The EOR technique that is attracting the most new market interest is CO2 injection. In the United States, there are about 114 active commercial CO2 projects that together inject over 2 billion cubic feet of CO2 and produce over 280,000 barrels of oil daily.

Whiting Petroleum operates two large conventional enhanced oil recovery projects in Texas and Oklahoma, where both water and CO2 are injected into the formation. The CO2 tends to swell oil droplets that remain trapped and then expands and helps them flow through the reservoir matrix and toward the well bore, while the water helps push the oil along.

Jim Volker, Whiting’s chief executive officer, believes the same approach starting with secondary water flooding should work in its 60 percent operated Sanish field in the Bakken, after the field is fully developed in about two-and-a-half years.

Meanwhile, secondary recovery is being tested at the Parshall field just east of Sanish, where Whiting holds about a 20 percent stake. “We’ll see how it works there,” Volker said.

However, he added, because the Sanish’s primary reservoir is the Middle Bakken formation and is thicker than it is beneath the Parshall, “we think the water flood may even work better under the Sanish field.”

Volker reiterated that recovery techniques used by Whiting after the initial primary recovery stage, are typically water flood during the secondary stage followed by a combination of water flood and CO2 injection during the tertiary stage. “And I expect that is what will happen here,” he said.

Jack Stark, Continental Resources’ senior vice president of exploration, the largest leaseholder in the Bakken, said Continental is currently in the planning stage and that CO2 is just one recovery method the company is exploring. He said a project likely would be launched within the next two years and would cover both the Bakken and underlying Three Forks formation.

“We’re really kind of looking at all options that are available,” he said. “But you want to do it in an area where you feel you have a good opportunity for success and a good pattern of wells and basic conditions.”

David Roberts, Marathon’s chief operating officer, said Marathon is currently exploring oil recovery options at its offices in Houston.

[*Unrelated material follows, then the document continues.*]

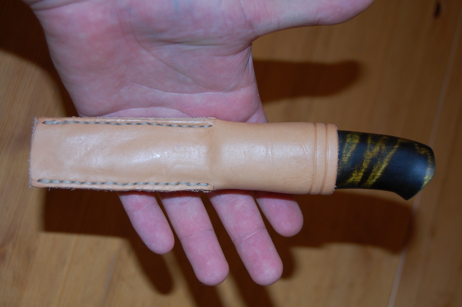 Publicerat Januari 16, 201115 yr Hallojs alla snygga. Vår vän Jeepetorp här på forat undrade om knivslidor som man kan skölja bort fett o blod ifrån fanns o nu finns det. Tog mig en funderare om hur man skulle kunna ha en sköljbar läderslida som inte förlorar sin form. nu är detta bara ett test för o se om det funka och till min egen (mest) förvåning så gjorde den det Knivslidan blev både höger och vänster. jo jag vet det saknas en upphängning.. det kommer på nästa.. ojämna kanter hör till en test. foto ovanfrån utan kniv med hela botten på slidan öppen så att allt klegg o (mög) kan sköljas ut. och underifrån. här trycker jag in sidorna lite så ni ser lättare. O så en bild på katta fan :wub: Ha det gott alla MVH Eas

“It’s certainly something that we are studying, because we know that we can get more recovery,” he said. “The question is, do you drill more wells, or do you do something else? But I think that is still sometime out.”

Regardless, he added, industry “is a technological wonder” and “someone will come up with something” that resolves the oil-recovery challenge in the Bakken.

CO2 pilot projects in Bakken

EERC’s Harju is aware of two CO2 pilot projects conducted in the Bakken, neither one of which was considered to be a commercially successful test, he said. Nevertheless, he said, “a great deal of information” gleaned from these projects can be applied to EERC’s on-going study.

“Our general feeling is that CO2 will work, but the first thing we need to do is establish some operating parameters that we’re going to have to do to make it work,” Harju said, noting that in addition to CO2, EERC will be looking at other recovery techniques.

He said that so far Denbury Resources, Marathon and Calgary-based TAQA North have enrolled in EERC’s study program, financed by DOE and the North Dakota Oil & Gas Research Council.

Harju envisions a Bakken petroleum system that eventually will produce a minimum of 1 million barrels of oil per day, compared to the current 575,000 barrels per day.

“I think the big question is how long can it stay at a million barrels a day,” he said. “Can it be 20 years? Can it be 30 years? The work that we are doing is very much focused on improving that lifetime and improving that productivity, all of the time.”